A more pressing reason the Bush Administration is being
protective of the Musharraf government is that
Washington needs Islamabad’s cooperation to track down
Bin Laden. Also, the Bush Administration seems to be
taking a similar tack as with Russia: be silent in
public and critical in private. In return, it appears
that Pakistan has begun to share some of its extensive
knowledge of the workings of Al-Qaeda and to assert much
tighter control over its nuclear program and export
activities. For perfectly realist reasons, then, a more
confrontational attitude with Pakistan simply is not
advisable. Besides, it does not fit into Bush’s
reelection strategy.
But the Bush Administration still needs to ensure that
Musharraf fulfills his promise to purge the ISI and the
military of radical Islamist elements. Granted,
Musharraf has dismissed some of the more notorious key
figures in the ISI in the aftermath of 9/11 (although
nominally “retired” generals—such as the fiercely
anti-American former head of the ISI, Hamid Gul—may
still be exerting their influence over the services from
the privacy of their homes). Moreover, Musharraf has so
far failed to extend his Islamist purges down to the
lower ranks of the secret services, and it appears that
Islamist infiltration in the lower ranks of these organs
of state power is the front through which Islamists
control much of
Pakistan.
In a way, this is good news, believes Marin J. Strmecki,
currently of the Smith Richardson Foundation, for it
means that radical Islamism today is much more
widespread among members of the ISI than it is among the
Pakistani population at large.
Similarly, Stephen Cohen, of the Brookings Institution,
suggests that the United States has no other choice but
to work with the Pakistani government and try to wean it
away from supporting Islamist extremists. At the same
time, Cohen suggests that the United States undertake
other measures to lower the possibility for an Islamist
take-over of the Pakistani government and the country’s
nuclear arsenal. For example, America’s active support
of a serious peace effort to solve the country’s dispute
over Indian-controlled Kashmir
might take away the raison d’être of some of
Pakistan’s
fundamentalist terrorist groups.
It is in the national security interest of the United
States to help turn Pakistan into something resembling a
representative secular society. For example,
Washington
could invest in
Pakistan’s public
education system so as to provide an alternative to the
madrasas that many of Pakistan’s poor end up
attending for lack of alternatives. Also, the United
States should take the lead in providing tangible
economic incentives for Musharraf to loosen restrictions
on moderate political parties while allowing him to
crack down on those Islamist groups that publicly
advocate terrorism.
The problem is that Musharraf has been unwilling to
loosen his grip on power. During the 2002 parliamentary
elections, for example, Musharraf did everything he
could to weaken the power of the more secular Pakistan
People’s Party (PPP) led by Benazir Bhutto. By
undermining those parties but not the fundamentalist
ones, he strengthened the latter grouping’s standing in
parliament to the point where he must rely increasingly
on their support to stay in power. This, of course,
makes it difficult for Musharraf to crack down on
radical Islamists. Although the Bush Administration
keeps insisting that it needs to work with Musharraf
because the alternatives would be worse, it cannot mean
that, in the age of “a balance of power that favors
freedom”, the United States has uncritically tolerate
Musharraf’s increasingly authoritarian traits.

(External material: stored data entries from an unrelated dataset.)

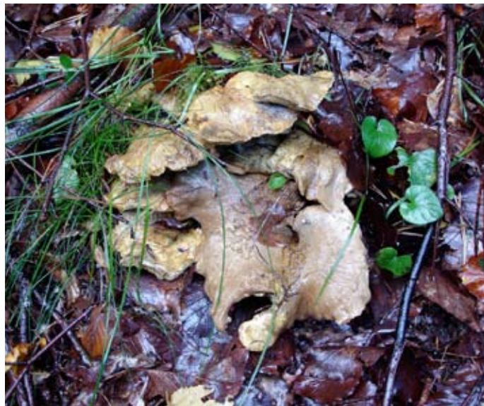
Grönticka i väta.
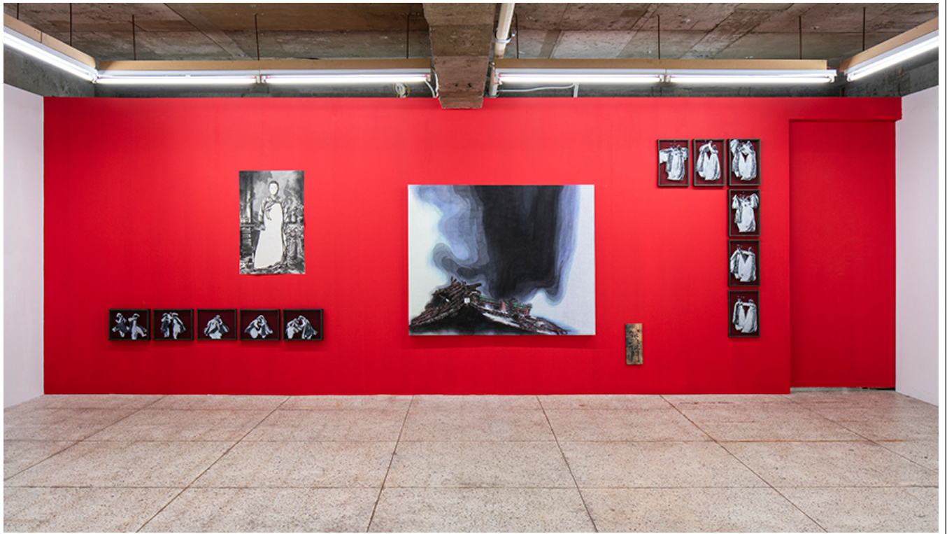
이와서(Sungnyemun)의 전시 공간 (이와서, 2019)
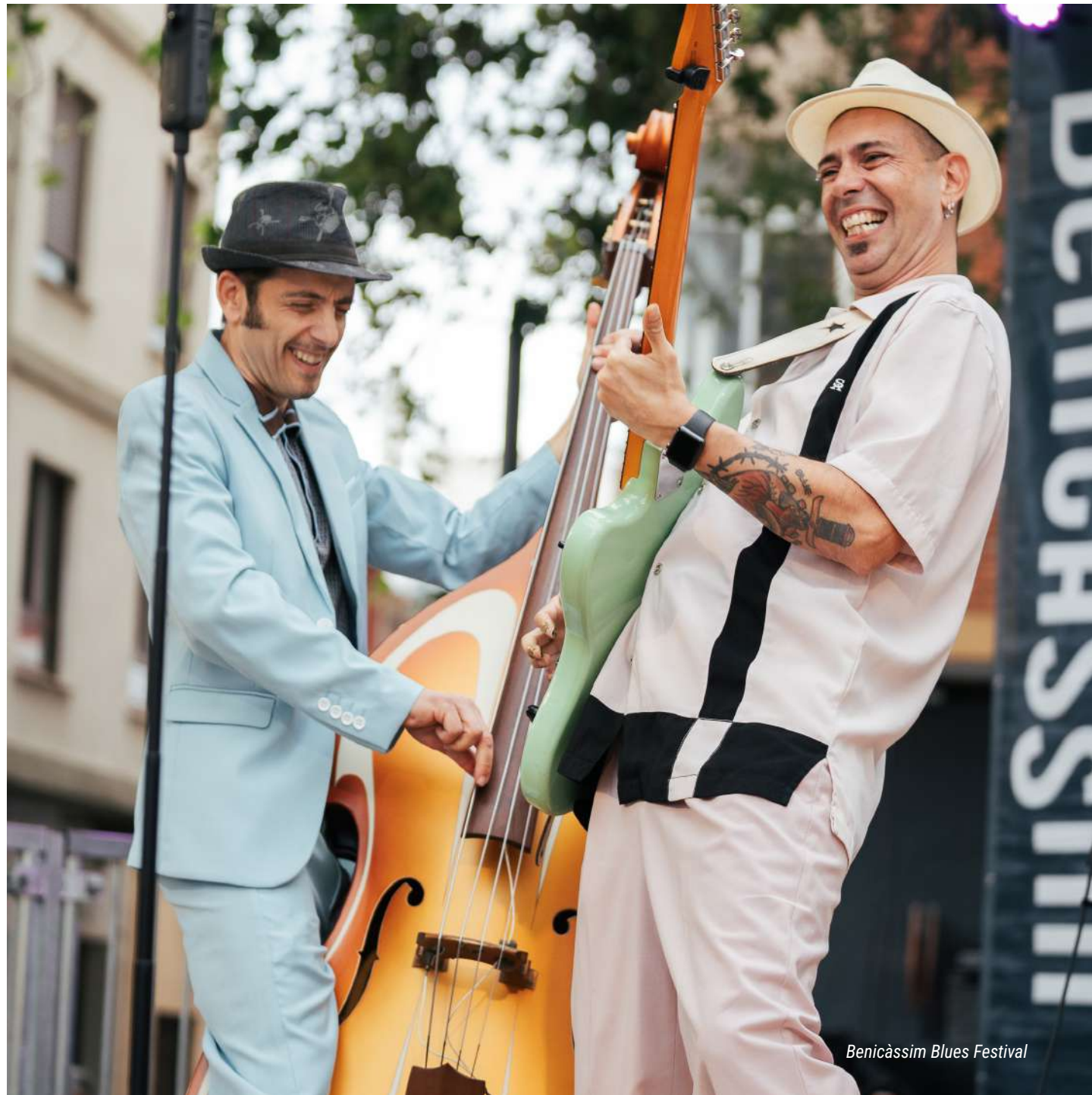
Benicàssim Blues Festival

Washington needs to ensure that Pakistan is being put
back on a more democratic political path. This will
vastly increase the chances that his successor will be
more to America’s liking. Indeed, this country’s stake
in the future development of Pakistan is enormously
high. Washington is well-advised to make the creation of
a stable and moderate Pakistani government with tight
control over its nuclear installations and scientists a
top-priority. The consequences of failure are
cataclysmic. As former Senator Sam Nunn wrote in the
Washington Post in October 2001, “[today] we find
ourselves in a new arms race. Terrorists are racing to
get weapons of mass destruction; we ought to be racing
to stop them.” Failure is not an option.
Sara Kupfer is a
free-lance journalist based in Washington, DC.